Franky Mulliez est par ailleurs décrit comme un « homme simple et très accessible » qui entretient une relation de proximité avec ses artisans. « J’ai découvert qu’il y avait un avantage fiscal pour les industriels en retraite qui font acquisition de monuments classés. Cela me permet de financer les travaux et assurer un salaire décent à mes jardiniers, menuisiers et maçons », explique- t-il. Il assure d’ailleurs militer sur ce sujet : « J’ai expérimenté chez Kiloutou la mise en place d’undividende salarié alors que mes associés étaient tous contre. Tout le monde a eu la même prime pendant un an et cela a rendu beaucoup de cadres furieux. »

Un goût pour le vin… et l’équilibre financier !

En 2018, Franky Mulliez a aussi fait l’acquisition du château Cluzeau, à Sigoulès- et-Flaugeac, et ses 14 hectares de vignes. Chaque année, la récolte est estimée à environ 25 hectolitres par hectare et le prix moyen des bouteilles vendues sur le marché est de 5 euros. L’objectif reste pour l’entrepreneur de vendre du « vin de plaisir assez léger, typique du Bergeracois mais différent des appellations reconnues du secteur ».

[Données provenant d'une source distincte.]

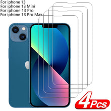 4Pcs Protective glass on For iPhone 14 13 12 11 Pro Max XS XR Mini screen protector Tempered glass For iphone 7 8 14 Plus glass Clear Screen Protector Guard Anti Scratch Screen Protector For iPhone

Mais voilà que l’industrie du vin traverse une crise sans précédent depuis la crise sanitaire, accentuée par une baisse de la consommation de vin rouge, une crise commerciale avec la Chine ainsi que la guerre en Ukraine et l’inflation. « Le vin ne se vend plus comme avant et il faut que j’arrive à faire vivre cette entreprise » martèle Franky Mulliez. Derrière sa passion pour les vignobles, il reste avant tout un businessman qui recherche l’équilibre financier à moyen et long terme.